GOAL OF THE EXERCISE
Your copy should contain exactly the lines from the one that holds "Laguna 1, una" through the end of the material, reproduced as written, with no pictures.

PROVIDED DATA
● ● ● ●
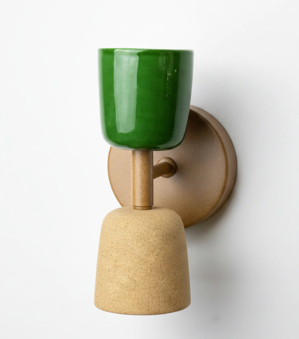 Essa luminária é composta de duas peças de cerâmica e mais uma estrutura e canopla em alumínio. São 6 diferentes combinações de cores pra você escolher: areia-areia, areia-verde, areia-azul, azul-azul, azul-verde e verde-verde (verifique demais cores disponíveis no site). Ela vai acompanhada de um kit de buchas e parafusos para fixação na parede. Você também tem a opção de adquirir a lâmpada especificada (Lâmpada LED MR11 Gu10 3000K 4W Bivolt) e receber junto da sua luminária.
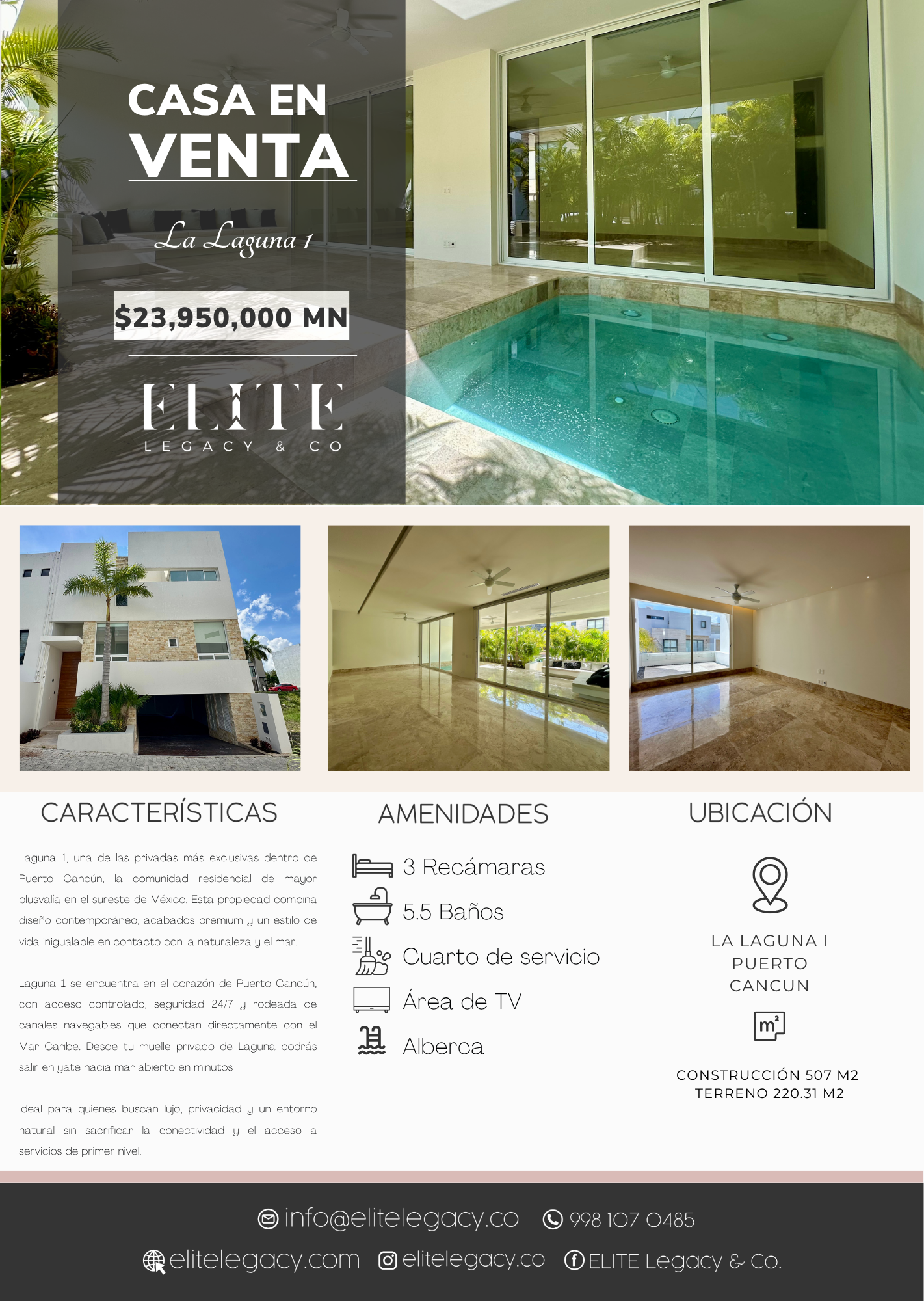 Laguna 1, una de las privadas más exclusivas dentro de Puerto Cancún, la comunidad residencial de mayor plusvalía en el sureste de México. Esta propiedad combina diseño contemporáneo, acabados premium y un estilo de vida inigualable en contacto con la naturaleza y el mar.
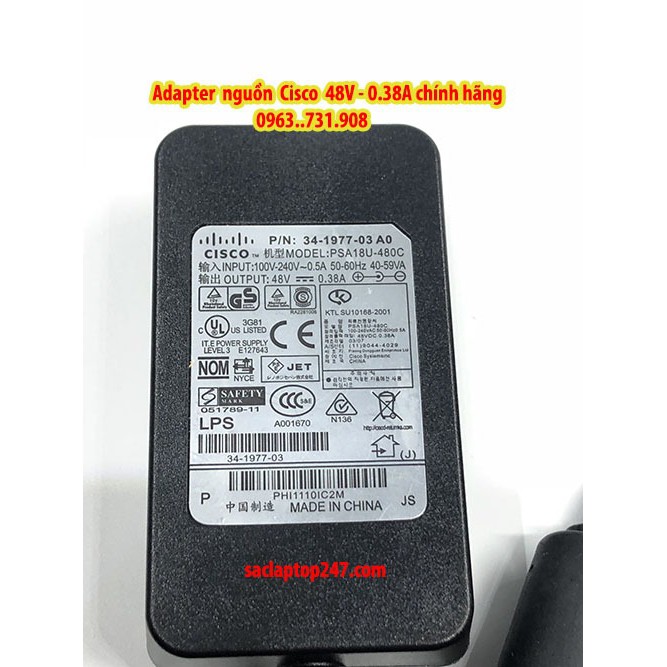 Thông số kỹ thuật trên bộ nguồn wifi cisco 48V chính hãng
● ● ● ●
ANSWER BOX
 Laguna 1, una de las privadas más exclusivas dentro de Puerto Cancún, la comunidad residencial de mayor plusvalía en el sureste de México. Esta propiedad combina diseño contemporáneo, acabados premium y un estilo de vida inigualable en contacto con la naturaleza y el mar.
 Thông số kỹ thuật trên bộ nguồn wifi cisco 48V chính hãng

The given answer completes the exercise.